Problem to work on: Your task is to reproduce the listing exactly, without its images.

Stored data:
════════════════

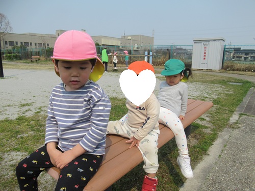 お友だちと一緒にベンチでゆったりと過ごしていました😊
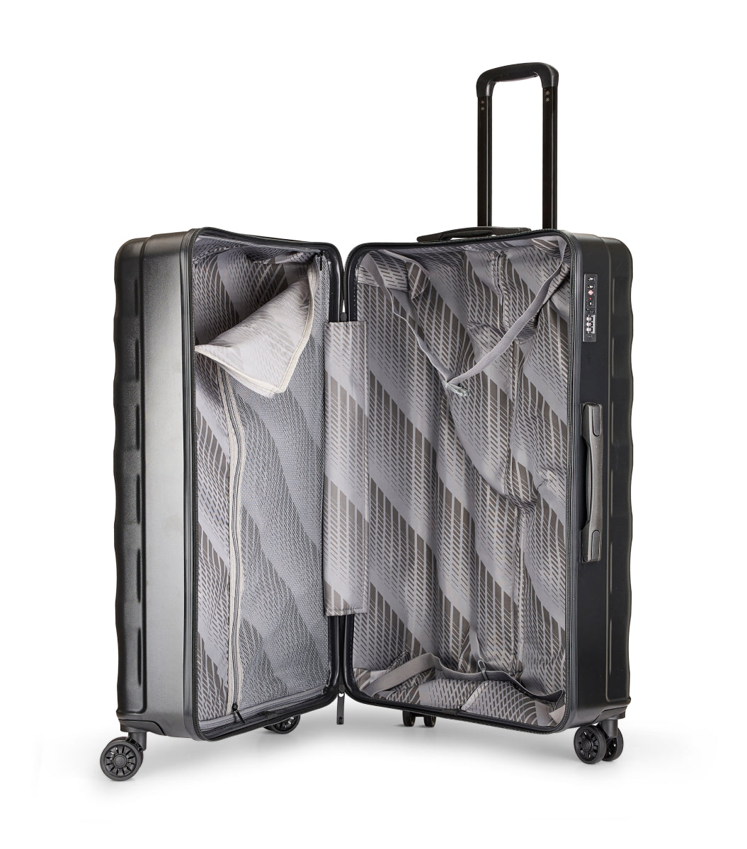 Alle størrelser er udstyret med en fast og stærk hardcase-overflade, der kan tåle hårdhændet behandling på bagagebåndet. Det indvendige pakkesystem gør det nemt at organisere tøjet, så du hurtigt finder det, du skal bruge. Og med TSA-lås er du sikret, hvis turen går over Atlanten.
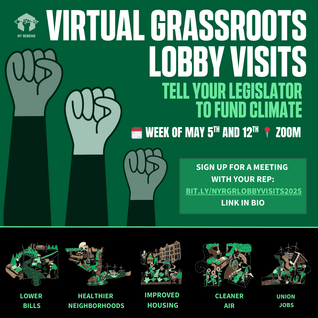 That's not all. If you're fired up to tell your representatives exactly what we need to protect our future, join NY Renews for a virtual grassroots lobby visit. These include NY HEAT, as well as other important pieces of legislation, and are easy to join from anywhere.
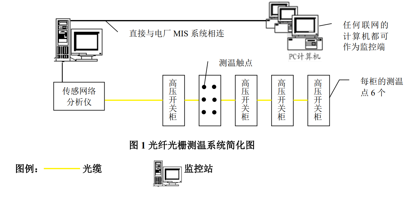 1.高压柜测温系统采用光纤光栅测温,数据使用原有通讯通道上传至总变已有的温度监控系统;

════════════════

Your solution:
 お友だちと一緒にベンチでゆったりと過ごしていました😊
 Alle størrelser er udstyret med en fast og stærk hardcase-overflade, der kan tåle hårdhændet behandling på bagagebåndet. Det indvendige pakkesystem gør det nemt at organisere tøjet, så du hurtigt finder det, du skal bruge. Og med TSA-lås er du sikret, hvis turen går over Atlanten.
 That's not all. If you're fired up to tell your representatives exactly what we need to protect our future, join NY Renews for a virtual grassroots lobby visit. These include NY HEAT, as well as other important pieces of legislation, and are easy to join from anywhere.
 1.高压柜测温系统采用光纤光栅测温,数据使用原有通讯通道上传至总变已有的温度监控系统;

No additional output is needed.